Condom use is considered only "possibly safe" and not absolutely safe, as they are often used incorrectly. To correctly use a condom, always use new condoms. Keep a ready supply of condoms where they cannot be damaged by moisture or heat. Never test a condom by blowing it up. Put a dab of lubricant into the tip of the condom to increase sensation. Prevent any air bubbles from forming that could cause the condom to break. Put the condom on the fully erect penis and roll it down all the way to the bottom of the shaft. Generally, lubricate the vaginal entrance or the anus before entry. Use only a water-soluble lubricant. Upon withdrawal, hold tightly onto the base of the condom. After use, throw the condom away. Use a lubricant that contains nonoxynol-9, a mild detergent that kills not only sperm cells but also all kinds of other organisms, such as amoebas, the herpes virus, bacteria that could cause gonorrhea and syphilis, as well as the AIDS virus.
Vaginal intercourse should be somewhat safe if the man uses a condom correctly and the woman uses a spermicide containing nonoxynol-9. This double precaution does reduce risk of infection and is strongly recommended whenever partners cannot be completely certain if either of them carries the virus.
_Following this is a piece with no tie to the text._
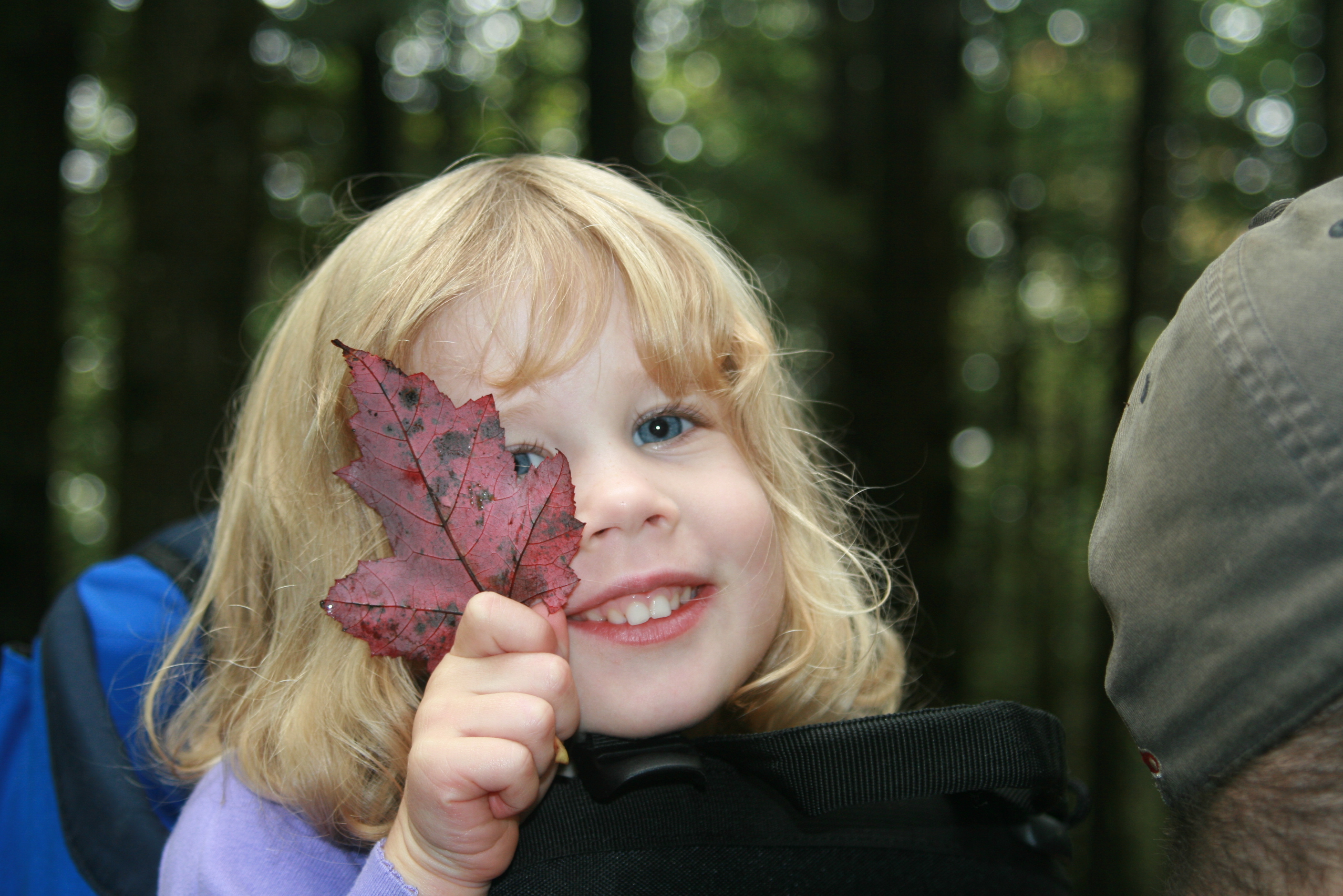 I handed Tess a leaf and was immediately reminded of the very first time we visited Bradbury Mountain, almost two years ago. She held onto that first leaf like it was the most amazing thing she'd ever seen. My, how our cuties have grown — but Tess still fits in that backpack!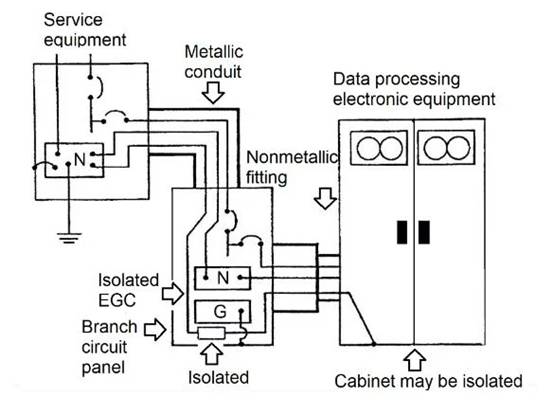 隔離 EGC 從隔離接地型插座(為電子設備供電)通過導管直接連接到隔離變壓器的中性點到接地點。EGC 可以穿過子面板,而不連接到設備金屬框架接地總線。將攜帶隔離 EGC 的金屬導管連接到兩端的外殼。NEC 要求源自次級繞組的所有電線(相線、中性線、隔離 EGC 線以及使用時的綠線)都在同一導管中運行。

Generally speaking, using a condom during anal intercourse does not offer the same level of protection as with vaginal intercourse. Nevertheless, a lubricant containing nonoxynol-9 should still be used as it does further reduce the risk. one should never use the same condom for both anal and vaginal intercourse.
French kissing, also called deep kissing or tongue kissing, is not considered completely safe, even though there has been no known case of HIV transmission in this way. The AIDS virus has been found in saliva, albeit in very low concentrations. An infection through kissing therefore is not very likely. If one of the partners carries the virus and the other suffers from bleeding gums or other injuries within the mouth, there could be danger. It seems wise, therefore, to consider long and intimate deep kisses to be somewhat risky.
oral intercourse with precautions is also considered "possibly safe" (oral intercourse with no precautions is definitely unsafe). Sucking the penis is also considered "possibly safe." One way of reducing the risk of infection is to avoid swallowing semen. One should also avoid swallowing the clear pre-ejac-ulatory fluid. A better practice is to suck the penis after it has been thoroughly covered with a condom.
Licking the female sex organs is also considered "possibly safe." Using spermicides containing nonoxynol-9 in and around the vaginal opening or licking it through the covering of a dental dam are two safer options.
Playing with urine ("golden showers") is also considered "possibly safe." As long as urine comes in external contact only with unbroken skin, there should be no risk of infection. It is sometimes difficult to be certain that the skin is intact everywhere. Slight cuts, bruises, or pimples are easily overlooked. Therefore persons playing with urine, even if only externally, need to be extremely careful.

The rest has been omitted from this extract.